Re: [PATCH v6] zswap: memcontrol: implement zswap writeback disabling

From: Yosry Ahmed
Date: Mon Dec 18 2023 - 16:54:59 EST


On Mon, Dec 18, 2023 at 11:21 AM Nhat Pham <nphamcs@xxxxxxxxx> wrote:
>
> On Mon, Dec 18, 2023 at 6:44 AM Johannes Weiner <hannes@xxxxxxxxxxx> wrote:
> >
> > On Fri, Dec 15, 2023 at 01:21:57PM -0800, Yosry Ahmed wrote:
> > > On Thu, Dec 7, 2023 at 11:24 AM Nhat Pham <nphamcs@xxxxxxxxx> wrote:
> > > >
> > > > During our experiment with zswap, we sometimes observe swap IOs due to
> > > > occasional zswap store failures and writebacks-to-swap.
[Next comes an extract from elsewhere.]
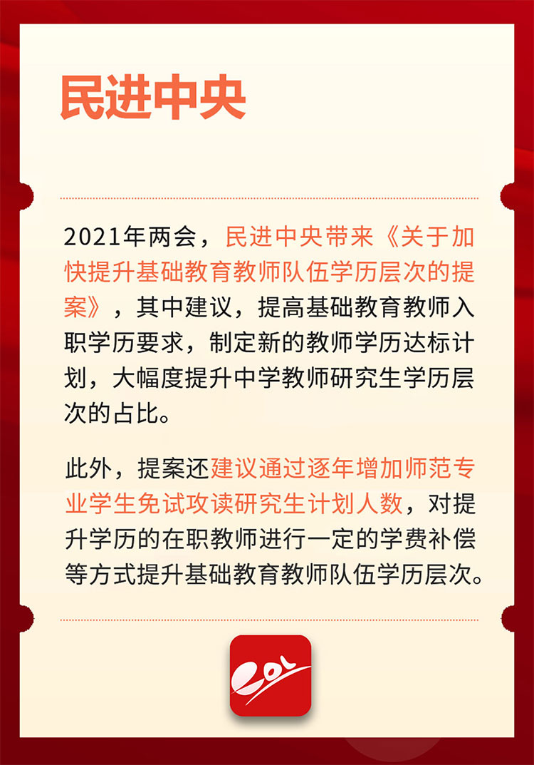 今年两会,民进中央带来《关于加快提升基础教育教师队伍学历层次的提案》。

These swapping
> > > > IOs prevent many users who cannot tolerate swapping from adopting zswap
> > > > to save memory and improve performance where possible.
> > > >
> > > > This patch adds the option to disable this behavior entirely: do not
> > > > writeback to backing swapping device when a zswap store attempt fail,
> > > > and do not write pages in the zswap pool back to the backing swap
> > > > device (both when the pool is full, and when the new zswap shrinker is
> > > > called).
> > > >
> > > > This new behavior can be opted-in/out on a per-cgroup basis via a new
> > > > cgroup file. By default, writebacks to swap device is enabled, which is
> > > > the previous behavior. Initially, writeback is enabled for the root
> > > > cgroup, and a newly created cgroup will inherit the current setting of
> > > > its parent.
> > > >
> > > > Note that this is subtly different from setting memory.swap.max to 0, as
> > > > it still allows for pages to be stored in the zswap pool (which itself
> > > > consumes swap space in its current form).
> > > >
> > > > This patch should be applied on top of the zswap shrinker series:
> > > >
> > > > https://lore.kernel.org/linux-mm/20231130194023.4102148-1-nphamcs@xxxxxxxxx/
> > > >
> > > > as it also disables the zswap shrinker, a major source of zswap
> > > > writebacks.
> > > >
> > > > Suggested-by: Johannes Weiner <hannes@xxxxxxxxxxx>
> > > > Signed-off-by: Nhat Pham <nphamcs@xxxxxxxxx>
> > > > Reviewed-by: Yosry Ahmed <yosryahmed@xxxxxxxxxx>
> > >
> > > Taking a step back from all the memory.swap.tiers vs.
> > > memory.zswap.writeback discussions, I think there may be a more
> > > fundamental problem here. If the zswap store failure is recurrent,
> > > pages can keep going back to the LRUs and then sent back to zswap
> > > eventually, only to be rejected again. For example, this can if zswap
> > > is above the acceptance threshold, but could be even worse if it's the
> > > allocator rejecting the page due to not compressing well enough. In
> > > the latter case, the page can keep going back and forth between zswap
> > > and LRUs indefinitely.
> > >
> > > You probably did not run into this as you're using zsmalloc, but it
>
> Which is why I recommend everyone to use zsmalloc, and change the
> default allocator to it in Kconfig :)
>

Internally, we have a cap on the compression ratio, after which we
reject pages because it doesn't make sense to store them (e.g.
zsmalloc will store them in a full page anyway, or the compressed size
+ metadata isn't worth it). I think this is where we should head
upstream as well, you proposed something in the right direction with
storing uncompressed pages in zswap. IOW, I think such pages should be
taken out of the LRUs one way or another.